Give back each line of the data exactly as it reads, minus the pictures.

DATASET SECTION: Begin

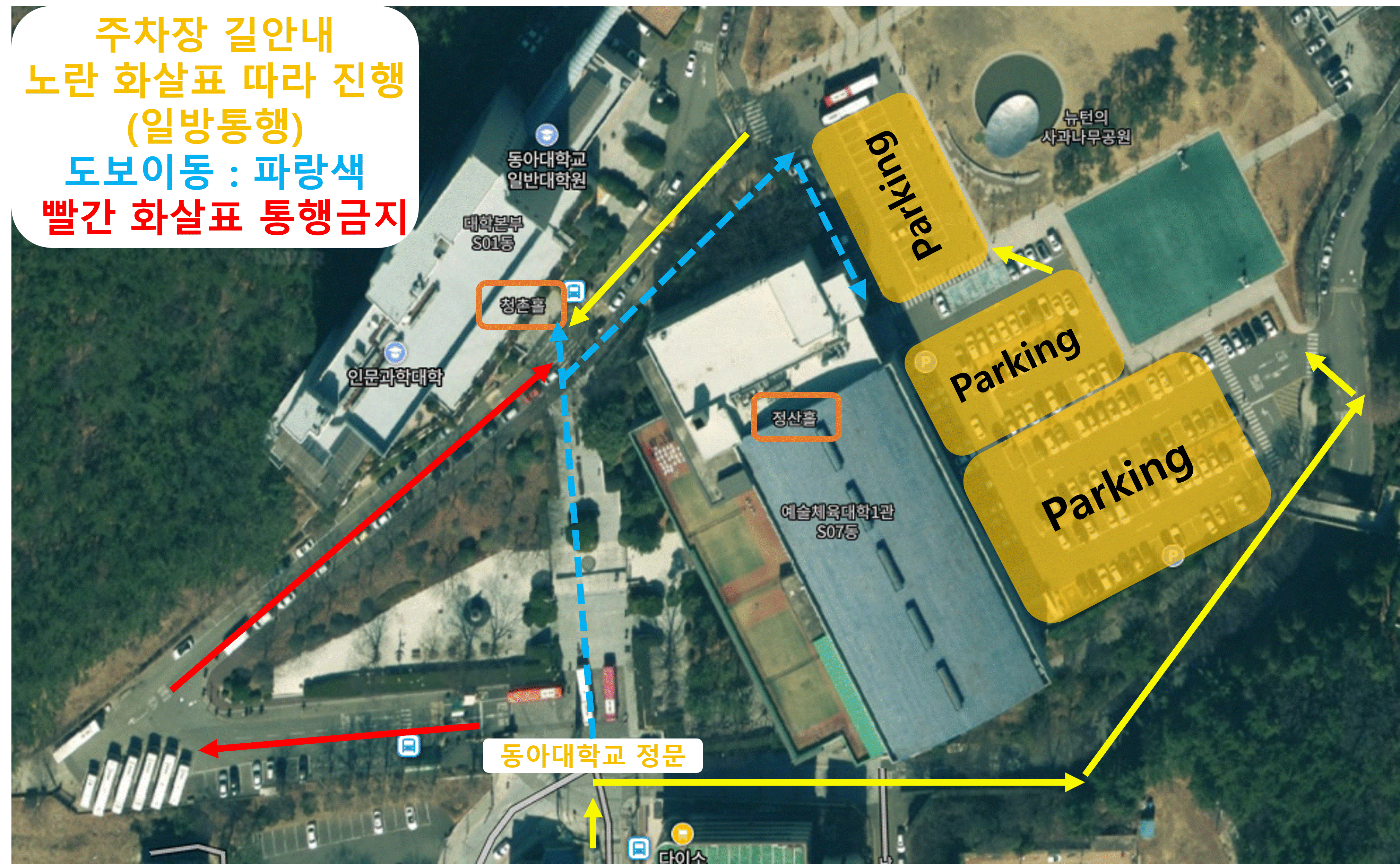 - 학술대회에 차량을 이용하시는 분은 정문에서 우회전 후, 예술체육대학1관 S07동 옆에 주차하신 뒤 도보로 학술대회장까지 이동해주시기 바랍니다.
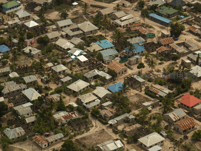 俯瞰村落:热带乡村的屋顶与绿意交织
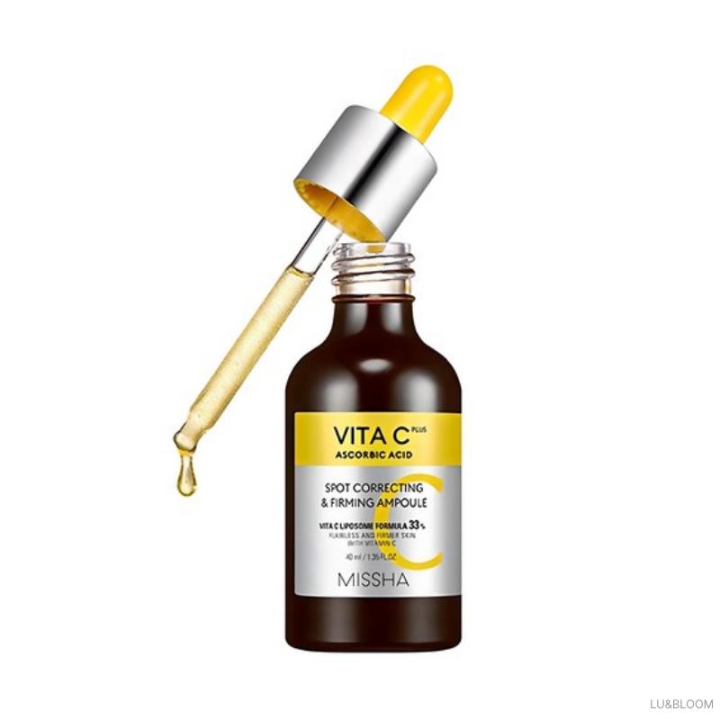 The Missha Vita C Plus Spot Correcting & Firming Ampoule is a high-performance functional ampoule that simultaneously targets dark spots and loss of skin elasticity. Featuring a stabilized Vita C Liposome Formula, it effectively delivers pure Vitamin C deep into the skin to improve the appearance of freckles, blemishes, and uneven skin tone while firming the facial contours (especially the "butterfly zone").
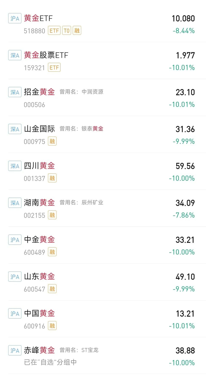 A股黄金板块全线跌停!周生生金饰克价一夜跌134元

DATASET SECTION: End

### YOUR SOLUTION
 - 학술대회에 차량을 이용하시는 분은 정문에서 우회전 후, 예술체육대학1관 S07동 옆에 주차하신 뒤 도보로 학술대회장까지 이동해주시기 바랍니다.
 俯瞰村落:热带乡村的屋顶与绿意交织
 The Missha Vita C Plus Spot Correcting & Firming Ampoule is a high-performance functional ampoule that simultaneously targets dark spots and loss of skin elasticity. Featuring a stabilized Vita C Liposome Formula, it effectively delivers pure Vitamin C deep into the skin to improve the appearance of freckles, blemishes, and uneven skin tone while firming the facial contours (especially the "butterfly zone").
 A股黄金板块全线跌停!周生生金饰克价一夜跌134元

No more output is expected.